UAV-borne gravimetry applications primarily span three domains: system research and development (R&D), geological studies, and exploration [24,128,135,136,138,147,149,152,153,155,156,157]. Most research focuses on system development, including INS/GNSS integration [136,157] and miniature system refinement [138,149]. Applied studies demonstrate successful implementation in earthquake research [150], Arctic exploration [155,156], mineral prospecting [128], and datum definition [148]. International projects like DroneSOM [159,160,161] showcase the technology’s potential for integrated geophysical surveys. Table 5 provides more details of these applications.
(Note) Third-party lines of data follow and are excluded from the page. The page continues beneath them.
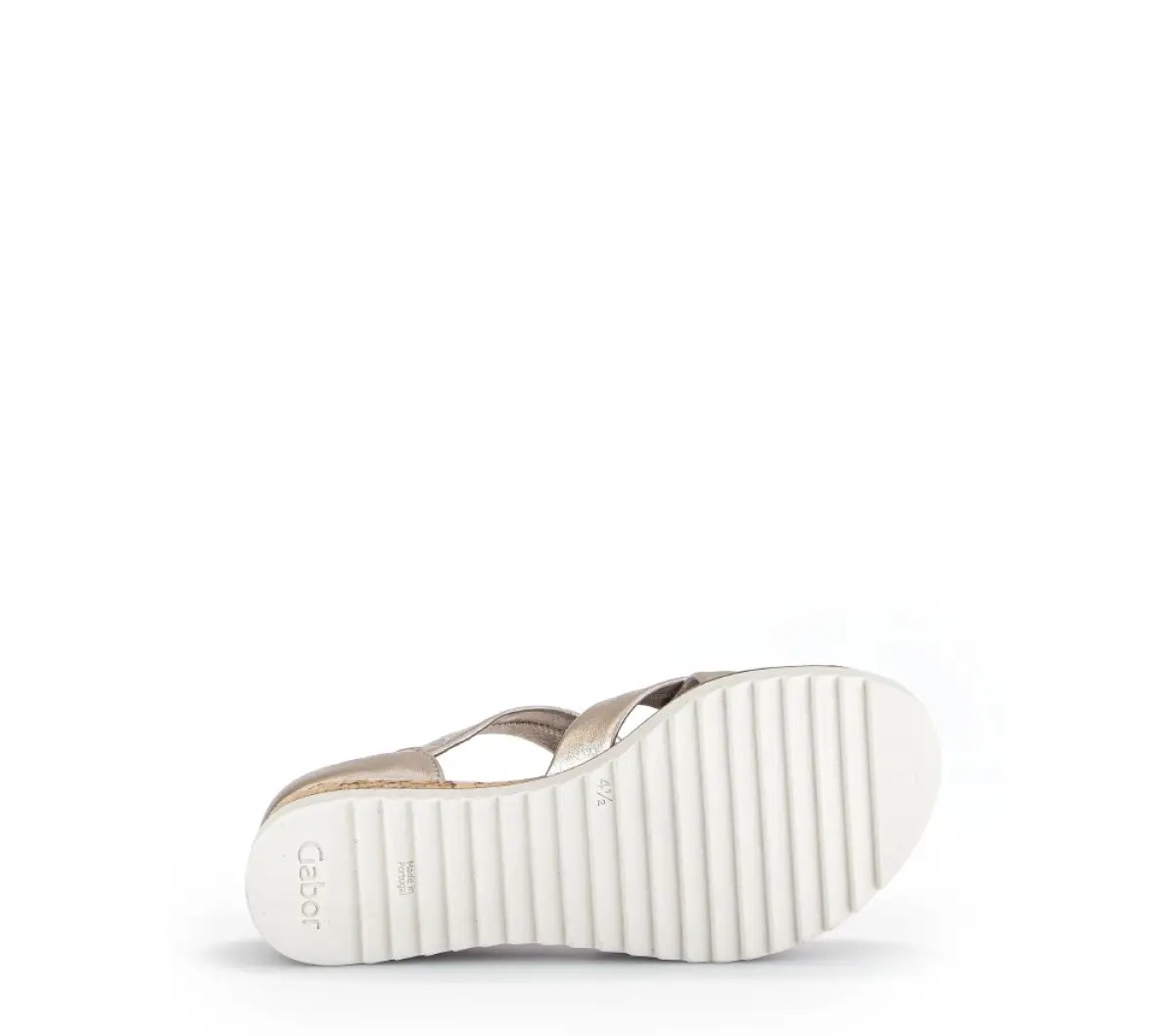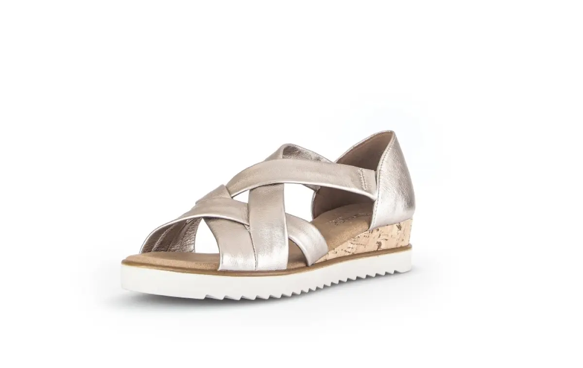 Deze stijlvolle Gabor sandaal van goudkleurig kalfsleer combineert elegantie met dagelijks comfort. Het soepele kalfsleer voelt zacht aan en vormt zich moeiteloos naar je voet. Dankzij het vaste voetbed ervaar je bij elke stap een stabiele en ondersteunende pasvorm, ideaal voor lange zomerdagen. De wijdte G biedt net wat extra ruimte, zodat de sandaal ook comfortabel zit bij een iets bredere voet. De goudkleurige afwerking geeft de sandaal een luxueuze, zomerse uitstraling die prachtig combineert met lichte tinten of juist als eyecatcher bij een eenvoudige outfit. Zoals je van Gabor gewend bent, is ook dit model met veel aandacht voor detail en hoogwaardige materialen vervaardigd, zodat stijl en comfort hand in hand gaan.
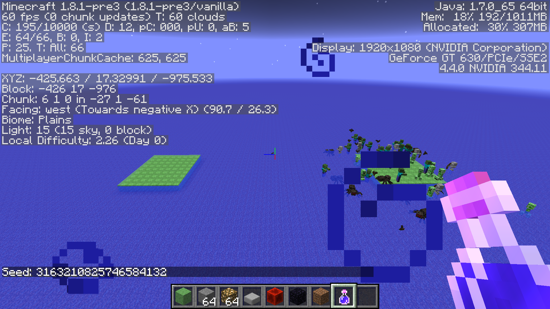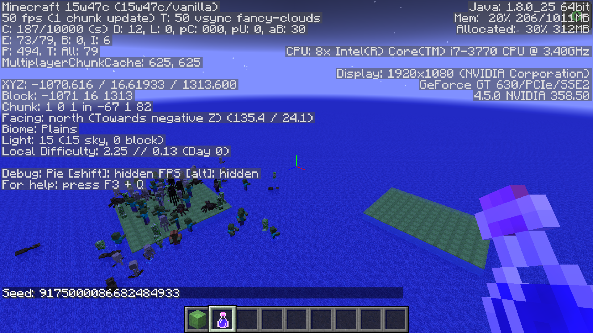 "Maybe the hostile mob spawning area is identical with the slime spawning area (slime chunks)"
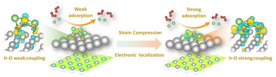 为了解决这一问题,437必赢会员中心丁书江教授&杨国锐副教授团队提出了电子局域化加速CO2RR,进而强化Ir-O耦合,诱导低结晶度Li2CO3产物从而优化CO2ER进程的晶格压缩策略,该策略使得Li-CO2电池实现了超低过电位(0.33 V)以及超高能量效率(~88.7%),并且在电池运行超过>1100小时后仍能维持3.3 V的稳定充电电位,这是迄今报道的最佳性能。通过使用一系列原位/非原位表征以及理论计算,团队揭示了晶格压缩导致配位环境变化,从而增强电子局域化效应,加速催化剂表面附近的Li+迁移,使其快速参与CO2RR过程,进而受到强化的Ir-O耦合作用调变Li2CO3分子的对称性,降低其低结晶度,最终促进其高效分解。
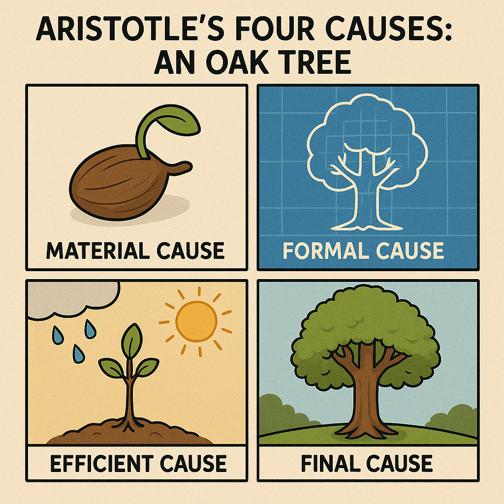 For the oak tree, the material cause is the acorn (from the earth; from below). The formal cause is the oak’s genetic blueprint or DNA — its “oakness” (from the Logos, from above). The efficient cause(s) are rain and sunlight, among other things (from behind), and the final cause is to grow, bear acorns, participate in the forest ecosystem, and fulfill its role in the larger order of life — to embody "oakness" in its highest form (from God’s will, from ahead).
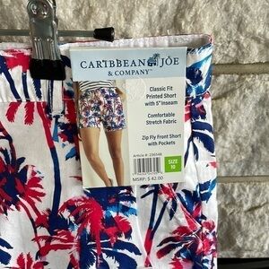 Caribbean Joe classic fit shorts with vibrant palm tree print, size 10. Perfect for summertime outings, these new-with-tags shorts are crafted for comfort and versatility.

3.1.3. Unmanned Aerial Gamma-Ray Spectrometry and Radiometry
Gamma-Ray Spectometry (GRS) geophysical technologies are challenging to integrate with drones due to their bulkiness and traditional design [162,163]. New UAV-compatible spectrometer systems, designed within drone weight constraints and improved data processing methods, e.g., [164,165], show promise for enhanced survey efficiency and accessibility. This shift requires innovative equipment design and data analysis methods to maximize potential.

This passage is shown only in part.